*INFORMATION SHOWN*:
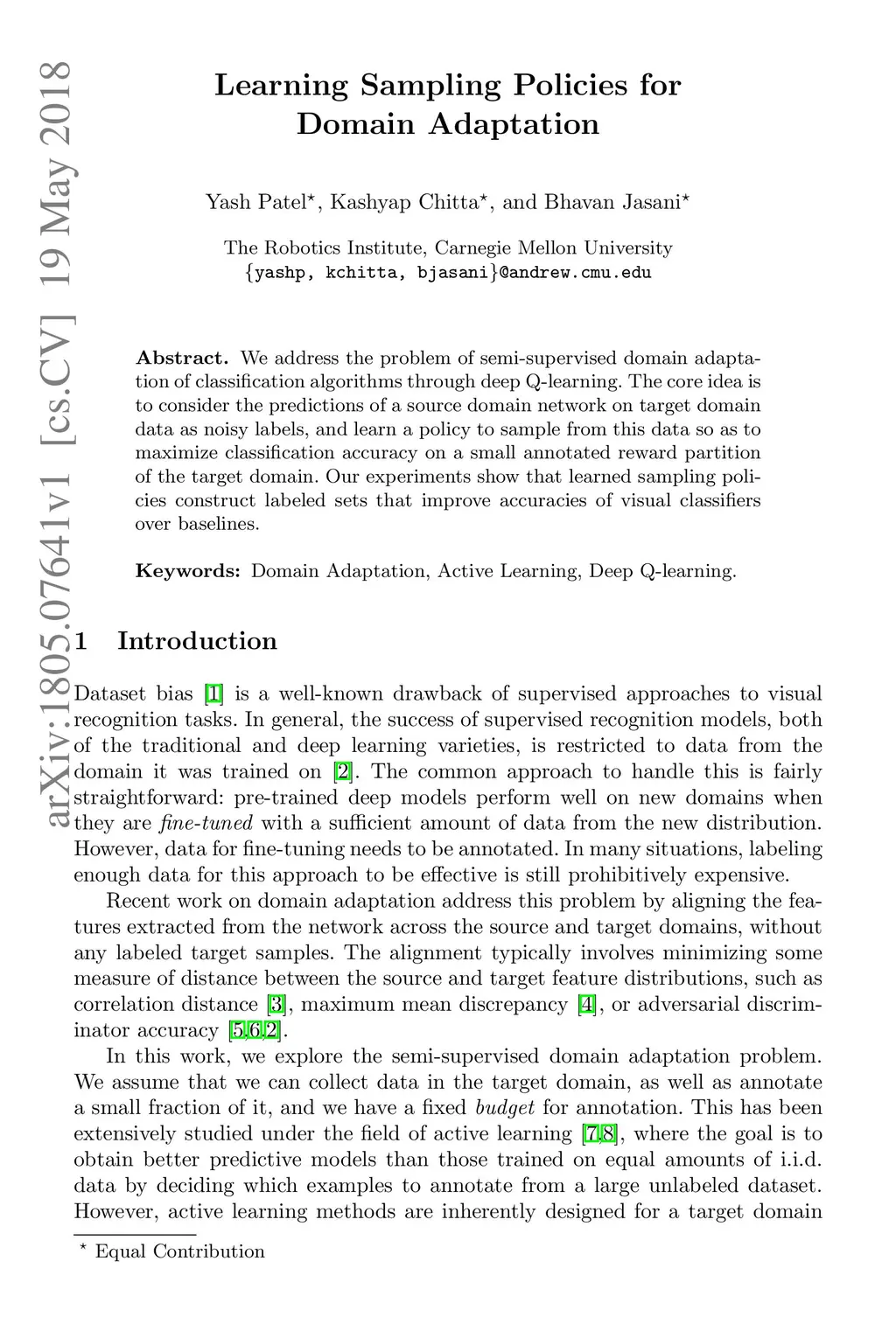 We address the problem of semi-supervised domain adaptation of classification algorithms through deep Q-learning. The core idea is to consider the predictions of a source domain network on target domain data as noisy labels, and learn a policy to sample from this data so as to maximize classification accuracy on a small annotated reward partition of the target domain. Our experiments show that learned sampling policies construct labeled sets that improve accuracies of visual classifiers over baselines.
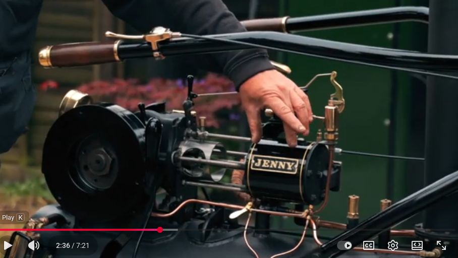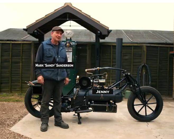 In the picture at far left can be seen the horizontal brass-coloured boiler with two curved exhaust pipes above it. There is a water-level gauge on the end of the boiler, angled so the rider can read it. The bronze fuel tank can be seen just to the right of the headlamp.
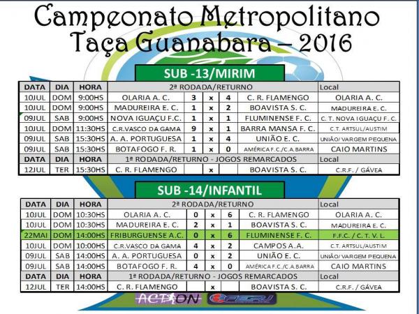 Campeonato Metropolitano. CAMPEONATO METROPOLITANO TAÇA GUANABARA - 2016 RESULTADOS
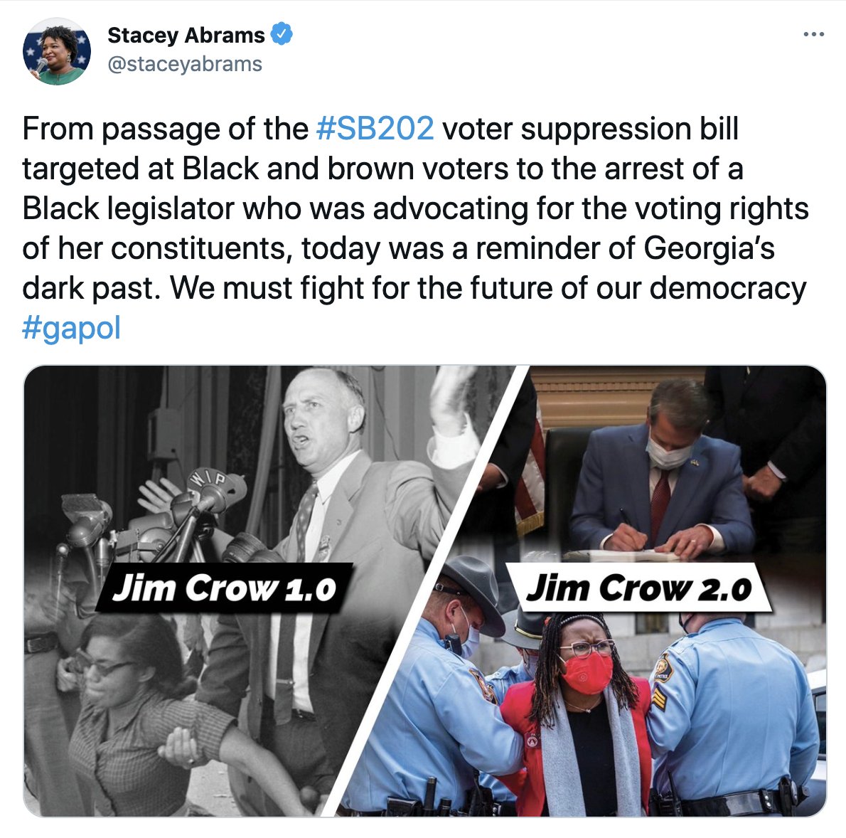 Lawmakers/activists are outraged after a Georgia rep. was arrested for protesting new voter laws. The laws restrict access to absentee ballots and let GOP lawmakers replace local election officials — a move critics say are designed to target majority POC and Democrat counties.pic.twitter.com/8bnFvyyrYF

*PROBLEM DETAILS*:
Print the full listing exactly, dropping the pictures.

*RESULT*:
 We address the problem of semi-supervised domain adaptation of classification algorithms through deep Q-learning. The core idea is to consider the predictions of a source domain network on target domain data as noisy labels, and learn a policy to sample from this data so as to maximize classification accuracy on a small annotated reward partition of the target domain. Our experiments show that learned sampling policies construct labeled sets that improve accuracies of visual classifiers over baselines.
 In the picture at far left can be seen the horizontal brass-coloured boiler with two curved exhaust pipes above it. There is a water-level gauge on the end of the boiler, angled so the rider can read it. The bronze fuel tank can be seen just to the right of the headlamp.
 Campeonato Metropolitano. CAMPEONATO METROPOLITANO TAÇA GUANABARA - 2016 RESULTADOS
 Lawmakers/activists are outraged after a Georgia rep. was arrested for protesting new voter laws. The laws restrict access to absentee ballots and let GOP lawmakers replace local election officials — a move critics say are designed to target majority POC and Democrat counties.pic.twitter.com/8bnFvyyrYF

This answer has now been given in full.